The sequence that contains the target DNA molecule of transposon can contact by the primer of target DNA molecule and bound fraction transposon sequence, implements any suitable order-checking operation scheme well known by persons skilled in the art then and determines.

Be important to note that, use that the present invention has overcome transposon insertion carrier sequence but not inserted target DNA or also insert the obstacle that is caused in the carrier sequence outside inserting target DNA for order-checking.For simplicity, Fig. 2 only is described in the single insertion in the carrier molecule that contains target; One skilled in the art will understand, however, that a plurality of insertions also are possible.After swivel base reaction is finished, target DNA moved into the reconstitution steps in second carrier, eliminated worry effectively, because do not reclaim the first carrier sequence from recombining reaction to sequencing vector.This is different with prior art, and the insertion in the prior art in carrier will make and must repeat sequencing vector or implement loaded down with trivial details screening procedure to be inserted in clone in the carrier to eliminate transposon.Under transposon is inserted in those situations in carrier and the target sequence, the molecule that obtains can not in the method for prior art, use because two primer binding sites that exist in same a part to be checked order will cause elusive mix products.Because having removed the initiate dna molecule, the inventive method contains the carrier part of transposon, so can from specified swivel base reaction, be recovered to the more enough molecules that is checked order of multipotency.Embodiment 3: use and insert and reorganization operation large nucleic acids molecule

Shown in Fig. 4 A, the inventive method can be used to clone for example section of genomic dna of big dna molecular.Except genomic dna, the inventive method also allows to clone the section of any larger dna molecule.Therefore, although this embodiment of the present invention is example with the genomic dna, those skilled in the art will understand, can use these methods to clone the section of any big dna molecular.For example, big dna molecular can be YAC, BAC or any isolating karyomit(e) or their part.

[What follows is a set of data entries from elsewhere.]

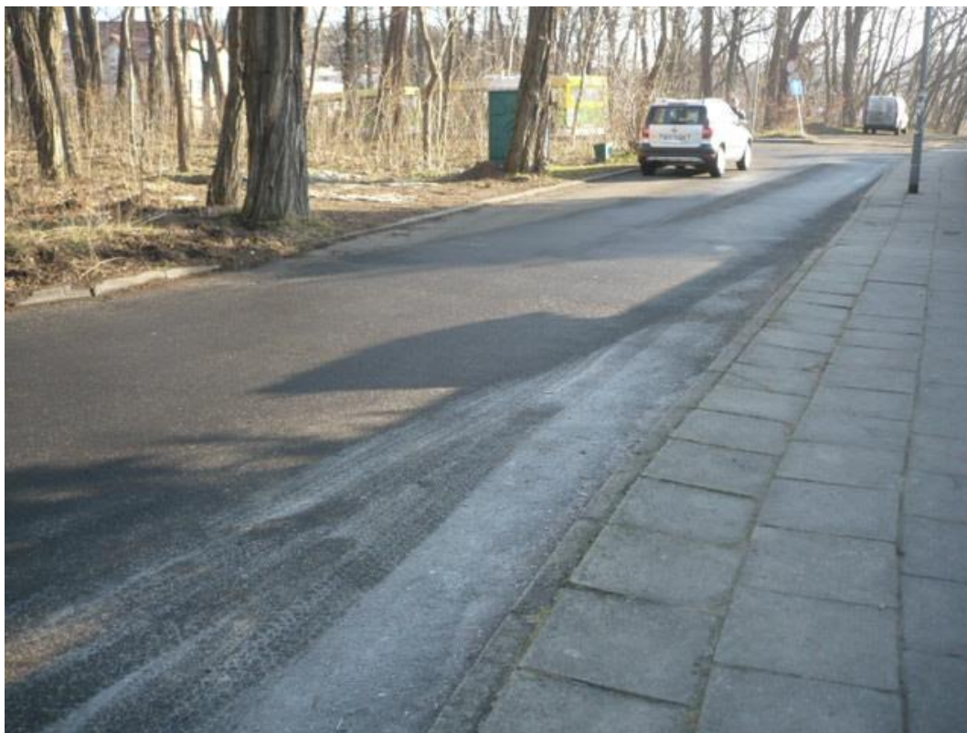
fotografia 28 Pętla przy ul Wyczołkowskiego miejsce postoju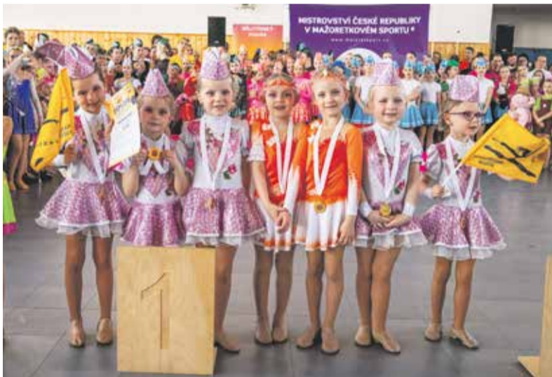
Nechyběly mažoretky z nejmladších věkových kategorií.

Předkolo 33. ročníku Mistrovství České republiky v mažoretkovém sportu se konalo o víkend 14. a 15. března v Bělotíně na Hranicku. Soutěže známé jako Bělotínský pohár se účastnily mažoretky z celé republiky.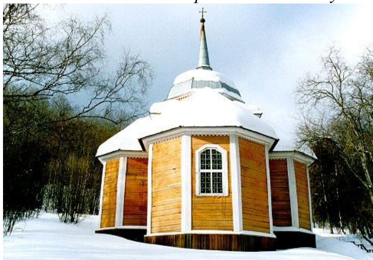
По указанию Петра I здесь была построена деревянная Церковь апостола Петра (1721)

А на чугунной доске, находящейся в павильоне на месте открытия первого источника, надпись гласит: «Сей источник исцелительной марциальной воды сыскан для пользы его царского величества Петра I императора всея российского и для прочей всенародной пользы тщением и искусством его величества всенижайшего раба артиллерии полковника и коменданта Олонецкого господина Георгия Вильгельма Геннина... и помянутой источник объявлен в прошлом 1716 году».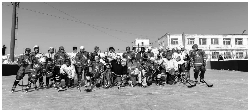
Хоккейный товарищеский матч с осужденными в ФКУ ИК-16 ФСИН РФ по РБ в г. Салавате

Сборная Салаватской епархии по хоккею с шайбой на протяжении последних трех лет 23 февраля, в День Российской армии, встречается с хоккейным клубом «Белые медведи» исправительной колонии № 16 города Салават. (Всего на территории города находится четыре исправительных учреждения, что является еще одной особенностью нашего города). В состав этого хоккейного клуба входят осужденные ФКУ ИК-16 ФСИН РФ по Республике Башкортостан в г. Салавате. Не могу не сказать несколько слов о хоккейной команде этой колонии: она единственная в Башкирии. В колонии есть свой корт, который заливают, следят за льдом. Хоккейный клуб «Салават Юлаев» в качестве благотворительной акции подарил команде исправительной колонии несколько комплектов хоккейной формы.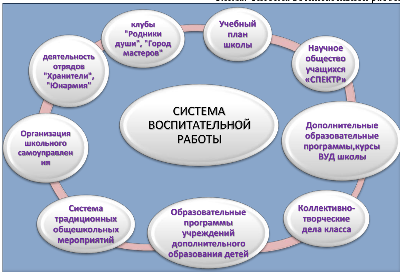
Схема. Система воспитательной работы

В школе действует научное общество учащихся «СПЕКТР», основная задача которого - формирование у обучающихся компетентностей поисково-исследовательской работы.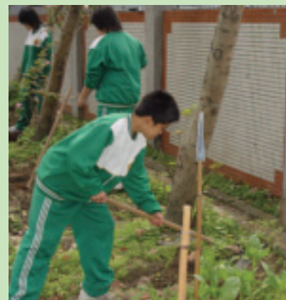
與學校合作蔬菜栽培作業組—小朋友認真耕作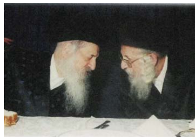
עם מרן פוסק הדור בעל השבט הלוי זצוק"ל

מוסיף ומספר בנו שליט"א כשנכנסו אצלו לבקר, אני ואמי ע"ה שמאד אכונג געבן (שמרה) עליו, והיתה רגילה לומר לאורחים שלא לשהות יותר מדי כי צריך הוא לנצל את הזמן, לפני כמה חודשים אחד סיפר לי שכשנכנסו אצלו אמי אמרה לו שלא לעכב אותו כי זמנו יקר מאוד. גם אמי עצמה לא הפריעה

From purpose bioseparation genomic dna and with the transposon that comprises one or more recombination site and insert katalaze enzyme and contact causing under the condition that transposon is integrated to genomic dna.Then with genomic dna with have with transposon in the carrier donor of the compatible recombination site of recombination site contact (Fig. 4 A).Transposon perhaps, can make the recombination site in transposon and the carrier donor get certain orientation, so that can not produce productive reaction (Fig. 4 B) with the carrier donor separately.After when having suitable recombinant protein, hatching, can use reaction mixture transformed competence colibacillus host cell.Remove under the condition of virulent gene selecting on the carrier donor selective marker and select, cultivate this transformed host cell.In some embodiments, can modify transposon, so that recombination event is transferred on the carrier donor genomic dna and selective marker.This configuration of transposon is presented among Fig. 5.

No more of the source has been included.